Common Aggregations and Joins in Spark SQL
In data analysis, aggregations and joins are two of the most commonly used operations. Spark SQL makes these tasks simple and efficient, even when working with very large datasets. In this lesson, you'll learn how to perform common aggregation functions and join operations using PySpark.
What are Aggregations?
Aggregations allow us to summarize data. For example, we can calculate totals, averages, minimums, and maximums across a dataset. In Spark SQL, we can use built-in functions like groupBy
, agg
, count
, avg
, sum
, min
, and max
.
Example: Total Sales by Region
from pyspark.sql import SparkSession
from pyspark.sql.functions import sum, avg, count
# Start a Spark session
spark = SparkSession.builder.appName("AggregationsExample").getOrCreate()
# Sample data
data = [
("North", "Product A", 100),
("North", "Product B", 200),
("South", "Product A", 150),
("South", "Product B", 50),
("East", "Product C", 300)
]
columns = ["region", "product", "sales"]
df = spark.createDataFrame(data, columns)

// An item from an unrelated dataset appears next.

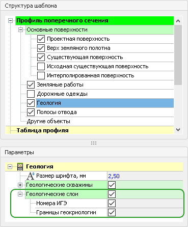 4. При формировании шаблона чертежа поперечных профилей добавлена возможность отключать видимость номеров ИГЭ и границ геокриологии.

# Group by region and calculate total sales
agg_df = df.groupBy("region").agg(sum("sales").alias("total_sales"))
agg_df.show()
+------+-----------+ |region|total_sales| +------+-----------+ | North| 300| | South| 200| | East| 300| +------+-----------+
Question:
Why do we use alias("total_sales")
in the aggregation?
Answer:
By default, the aggregated column would have a name like sum(sales)
. The alias()
function renames it to a more readable column name like total_sales
.
Additional Aggregations
We can calculate more than one aggregation at a time.
agg_df = df.groupBy("region").agg(
sum("sales").alias("total_sales"),
avg("sales").alias("average_sales"),
count("product").alias("product_count")
)
agg_df.show()
+------+-----------+-------------+-------------+ |region|total_sales|average_sales|product_count| +------+-----------+-------------+-------------+ | North| 300| 150.0| 2| | South| 200| 100.0| 2| | East| 300| 300.0| 1| +------+-----------+-------------+-------------+
What are Joins?
Joins allow you to combine two DataFrames based on a common column (similar to SQL joins). This is useful when your data is split across multiple sources or tables.
Types of Joins in Spark SQL
- Inner Join: Returns rows that have matching values in both DataFrames.
- Left Join (Left Outer): Returns all rows from the left DataFrame and matched rows from the right.
- Right Join (Right Outer): Returns all rows from the right DataFrame and matched rows from the left.
- Full Outer Join: Returns all rows when there is a match in either left or right DataFrame.
Example: Joining Sales Data with Region Managers
# Sales data
sales_data = [
("North", "Product A", 100),
("South", "Product B", 50),
("East", "Product C", 300)
]
sales_columns = ["region", "product", "sales"]
# Manager data
manager_data = [
("North", "Alice"),
("South", "Bob"),
("West", "Charlie")
]
manager_columns = ["region", "manager"]
sales_df = spark.createDataFrame(sales_data, sales_columns)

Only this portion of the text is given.